'''

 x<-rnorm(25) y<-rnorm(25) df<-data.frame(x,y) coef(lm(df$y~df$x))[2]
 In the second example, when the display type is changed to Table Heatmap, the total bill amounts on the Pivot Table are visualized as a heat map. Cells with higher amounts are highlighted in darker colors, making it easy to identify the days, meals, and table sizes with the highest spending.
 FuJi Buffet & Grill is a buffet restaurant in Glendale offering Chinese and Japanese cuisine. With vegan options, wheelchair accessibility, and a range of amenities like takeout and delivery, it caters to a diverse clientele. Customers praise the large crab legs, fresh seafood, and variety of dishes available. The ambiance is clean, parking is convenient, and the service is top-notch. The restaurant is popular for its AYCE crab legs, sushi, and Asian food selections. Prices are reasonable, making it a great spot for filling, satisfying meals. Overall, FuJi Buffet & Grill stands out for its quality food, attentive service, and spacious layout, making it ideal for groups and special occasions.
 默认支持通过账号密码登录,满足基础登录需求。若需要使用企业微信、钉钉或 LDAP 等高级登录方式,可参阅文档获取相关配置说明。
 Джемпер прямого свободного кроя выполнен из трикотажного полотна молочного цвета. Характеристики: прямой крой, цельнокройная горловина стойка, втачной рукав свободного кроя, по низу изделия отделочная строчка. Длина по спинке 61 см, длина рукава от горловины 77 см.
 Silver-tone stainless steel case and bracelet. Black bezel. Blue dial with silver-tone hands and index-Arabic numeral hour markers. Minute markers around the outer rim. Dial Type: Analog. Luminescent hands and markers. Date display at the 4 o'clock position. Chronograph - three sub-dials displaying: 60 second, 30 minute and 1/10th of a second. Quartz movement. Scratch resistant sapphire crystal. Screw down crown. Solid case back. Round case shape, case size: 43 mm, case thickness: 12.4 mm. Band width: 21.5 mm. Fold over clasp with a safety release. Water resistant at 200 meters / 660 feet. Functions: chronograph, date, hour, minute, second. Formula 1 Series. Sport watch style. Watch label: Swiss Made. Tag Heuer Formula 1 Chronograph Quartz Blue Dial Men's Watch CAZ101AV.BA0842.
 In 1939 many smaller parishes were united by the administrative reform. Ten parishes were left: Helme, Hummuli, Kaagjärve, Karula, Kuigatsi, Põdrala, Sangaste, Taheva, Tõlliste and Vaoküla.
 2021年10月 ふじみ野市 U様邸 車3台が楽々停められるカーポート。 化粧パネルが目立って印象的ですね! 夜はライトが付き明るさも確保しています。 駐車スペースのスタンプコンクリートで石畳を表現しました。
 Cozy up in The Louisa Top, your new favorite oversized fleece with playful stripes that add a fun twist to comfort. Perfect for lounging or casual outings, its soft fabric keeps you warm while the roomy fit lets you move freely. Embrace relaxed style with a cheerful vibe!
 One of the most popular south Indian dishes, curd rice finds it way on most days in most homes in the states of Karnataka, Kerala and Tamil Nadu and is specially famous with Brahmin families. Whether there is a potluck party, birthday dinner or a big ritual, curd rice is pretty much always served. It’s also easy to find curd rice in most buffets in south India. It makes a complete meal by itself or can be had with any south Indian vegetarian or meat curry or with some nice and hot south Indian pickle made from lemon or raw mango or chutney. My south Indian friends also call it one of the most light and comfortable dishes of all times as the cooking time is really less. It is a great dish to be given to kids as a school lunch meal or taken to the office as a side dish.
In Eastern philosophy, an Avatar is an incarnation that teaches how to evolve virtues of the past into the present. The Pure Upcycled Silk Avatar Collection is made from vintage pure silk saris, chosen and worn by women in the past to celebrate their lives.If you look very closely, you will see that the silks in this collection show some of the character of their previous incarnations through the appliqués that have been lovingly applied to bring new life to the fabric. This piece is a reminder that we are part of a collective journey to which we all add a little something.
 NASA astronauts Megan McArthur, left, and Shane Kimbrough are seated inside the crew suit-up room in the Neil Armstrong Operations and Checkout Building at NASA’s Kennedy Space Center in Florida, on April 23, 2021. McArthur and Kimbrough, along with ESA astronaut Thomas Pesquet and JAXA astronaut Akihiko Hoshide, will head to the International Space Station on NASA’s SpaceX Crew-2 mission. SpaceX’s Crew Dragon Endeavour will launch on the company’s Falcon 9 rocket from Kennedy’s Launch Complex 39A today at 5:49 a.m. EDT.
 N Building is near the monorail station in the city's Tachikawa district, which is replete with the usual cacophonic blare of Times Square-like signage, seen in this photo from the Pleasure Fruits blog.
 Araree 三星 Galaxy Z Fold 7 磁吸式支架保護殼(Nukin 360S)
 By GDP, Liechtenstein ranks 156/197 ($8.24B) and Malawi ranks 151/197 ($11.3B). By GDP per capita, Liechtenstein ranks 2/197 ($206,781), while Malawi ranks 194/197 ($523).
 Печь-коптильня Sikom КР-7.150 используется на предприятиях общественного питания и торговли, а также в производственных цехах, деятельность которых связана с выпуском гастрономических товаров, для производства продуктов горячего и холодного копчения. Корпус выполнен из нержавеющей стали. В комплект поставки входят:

'''

- What is being asked: Write the listing out again, matching every line exactly.

- Exercise result:
 x<-rnorm(25) y<-rnorm(25) df<-data.frame(x,y) coef(lm(df$y~df$x))[2]
 In the second example, when the display type is changed to Table Heatmap, the total bill amounts on the Pivot Table are visualized as a heat map. Cells with higher amounts are highlighted in darker colors, making it easy to identify the days, meals, and table sizes with the highest spending.
 FuJi Buffet & Grill is a buffet restaurant in Glendale offering Chinese and Japanese cuisine. With vegan options, wheelchair accessibility, and a range of amenities like takeout and delivery, it caters to a diverse clientele. Customers praise the large crab legs, fresh seafood, and variety of dishes available. The ambiance is clean, parking is convenient, and the service is top-notch. The restaurant is popular for its AYCE crab legs, sushi, and Asian food selections. Prices are reasonable, making it a great spot for filling, satisfying meals. Overall, FuJi Buffet & Grill stands out for its quality food, attentive service, and spacious layout, making it ideal for groups and special occasions.
 默认支持通过账号密码登录,满足基础登录需求。若需要使用企业微信、钉钉或 LDAP 等高级登录方式,可参阅文档获取相关配置说明。
 Джемпер прямого свободного кроя выполнен из трикотажного полотна молочного цвета. Характеристики: прямой крой, цельнокройная горловина стойка, втачной рукав свободного кроя, по низу изделия отделочная строчка. Длина по спинке 61 см, длина рукава от горловины 77 см.
 Silver-tone stainless steel case and bracelet. Black bezel. Blue dial with silver-tone hands and index-Arabic numeral hour markers. Minute markers around the outer rim. Dial Type: Analog. Luminescent hands and markers. Date display at the 4 o'clock position. Chronograph - three sub-dials displaying: 60 second, 30 minute and 1/10th of a second. Quartz movement. Scratch resistant sapphire crystal. Screw down crown. Solid case back. Round case shape, case size: 43 mm, case thickness: 12.4 mm. Band width: 21.5 mm. Fold over clasp with a safety release. Water resistant at 200 meters / 660 feet. Functions: chronograph, date, hour, minute, second. Formula 1 Series. Sport watch style. Watch label: Swiss Made. Tag Heuer Formula 1 Chronograph Quartz Blue Dial Men's Watch CAZ101AV.BA0842.
 In 1939 many smaller parishes were united by the administrative reform. Ten parishes were left: Helme, Hummuli, Kaagjärve, Karula, Kuigatsi, Põdrala, Sangaste, Taheva, Tõlliste and Vaoküla.
 2021年10月 ふじみ野市 U様邸 車3台が楽々停められるカーポート。 化粧パネルが目立って印象的ですね! 夜はライトが付き明るさも確保しています。 駐車スペースのスタンプコンクリートで石畳を表現しました。
 Cozy up in The Louisa Top, your new favorite oversized fleece with playful stripes that add a fun twist to comfort. Perfect for lounging or casual outings, its soft fabric keeps you warm while the roomy fit lets you move freely. Embrace relaxed style with a cheerful vibe!
 One of the most popular south Indian dishes, curd rice finds it way on most days in most homes in the states of Karnataka, Kerala and Tamil Nadu and is specially famous with Brahmin families. Whether there is a potluck party, birthday dinner or a big ritual, curd rice is pretty much always served. It’s also easy to find curd rice in most buffets in south India. It makes a complete meal by itself or can be had with any south Indian vegetarian or meat curry or with some nice and hot south Indian pickle made from lemon or raw mango or chutney. My south Indian friends also call it one of the most light and comfortable dishes of all times as the cooking time is really less. It is a great dish to be given to kids as a school lunch meal or taken to the office as a side dish.
In Eastern philosophy, an Avatar is an incarnation that teaches how to evolve virtues of the past into the present. The Pure Upcycled Silk Avatar Collection is made from vintage pure silk saris, chosen and worn by women in the past to celebrate their lives.If you look very closely, you will see that the silks in this collection show some of the character of their previous incarnations through the appliqués that have been lovingly applied to bring new life to the fabric. This piece is a reminder that we are part of a collective journey to which we all add a little something.
 NASA astronauts Megan McArthur, left, and Shane Kimbrough are seated inside the crew suit-up room in the Neil Armstrong Operations and Checkout Building at NASA’s Kennedy Space Center in Florida, on April 23, 2021. McArthur and Kimbrough, along with ESA astronaut Thomas Pesquet and JAXA astronaut Akihiko Hoshide, will head to the International Space Station on NASA’s SpaceX Crew-2 mission. SpaceX’s Crew Dragon Endeavour will launch on the company’s Falcon 9 rocket from Kennedy’s Launch Complex 39A today at 5:49 a.m. EDT.
 N Building is near the monorail station in the city's Tachikawa district, which is replete with the usual cacophonic blare of Times Square-like signage, seen in this photo from the Pleasure Fruits blog.
 Araree 三星 Galaxy Z Fold 7 磁吸式支架保護殼(Nukin 360S)
 By GDP, Liechtenstein ranks 156/197 ($8.24B) and Malawi ranks 151/197 ($11.3B). By GDP per capita, Liechtenstein ranks 2/197 ($206,781), while Malawi ranks 194/197 ($523).
 Печь-коптильня Sikom КР-7.150 используется на предприятиях общественного питания и торговли, а также в производственных цехах, деятельность которых связана с выпуском гастрономических товаров, для производства продуктов горячего и холодного копчения. Корпус выполнен из нержавеющей стали. В комплект поставки входят:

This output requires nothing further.